In October, 1961, a Tristanian wrote to a friend in England, mentioning simply 'a heavy chaking [sic] which was from the six of August and are still going on yet'.

Mild tremors continued for more than two months. Mr P. J. F. Wheeler, the Administrator, reported by radio to the volcanologists in England. They decided that the shocks came from a minor settling of the earth's surface along a possible fault line. So the villagers and even the station people accepted the 'shaking' as part of the accustomed buffeting of life on the island.

Tristan had in any case been storm-bound since July, in the worst winter since the terrible season of 1906 when Mrs Barrow had counted the corpses of the cattle. The quakes were less uncomfortable than the shivering, the hardships — and, again, the comparative isolation. When the cannery's little ship Tristania finally arrived near mid‑September, no vessel had touched at the island for five gale-swept months.

The Rev. C. J. Jewell, the chaplain, estimated that there must have been several hundred shocks in the two months. Gradually the rumblings increased in tempo and intensity. The South African geologists commented, 'The Central Atlantic Ridge is basaltic rock in which this kind of explosion is unusual.'

The first hint of possible disaster was felt during evensong on Sunday, September 17, according to Administrator Wheeler. 'Suddenly the walls heaved, the floor trembled, and for a sickening second the roof threatened to cave in.' The jolt was the heaviest so far, but it lasted only a moment, and Father Jewell continued with the service.

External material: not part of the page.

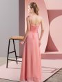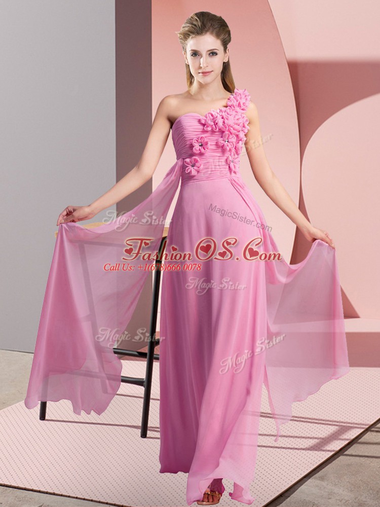 Perfect Floor Length Lace Up Quinceanera Court of Honor Dress Rose Pink for Wedding Party with Hand Made Flower

On Monday morning Dennis Simpson, the Agricultural Officer, with a small scouting party, journeyed in the Tristania over the rough channel to Nightingale, to see if the quakes also affected the nearest neighbour island. The group returned a week later, reporting that not a single shock had interrupted its rolling surf and whining seabirds. Meanwhile, day and night watches were maintained on Tristan. During the first five days Father Jewell noted eighty-nine quakes. A scale of three grades was used in keeping score: a slight shock was A, a somewhat longer and louder one was B, and a really rattling one, C.

Abroad, the volcanologists still disbelieved that the Tristan quakes  p241 were caused by volcanic activity, nor did they see any significance in the absence of tremors on Nightingale. Again the residents felt re‑assured. 'Hearthquakes' were another topic over the eternal knitting needles or the boat-painting of early spring. School children, bright-eyed with awed expectancy, awaited the next shaking over their sums and alphabets.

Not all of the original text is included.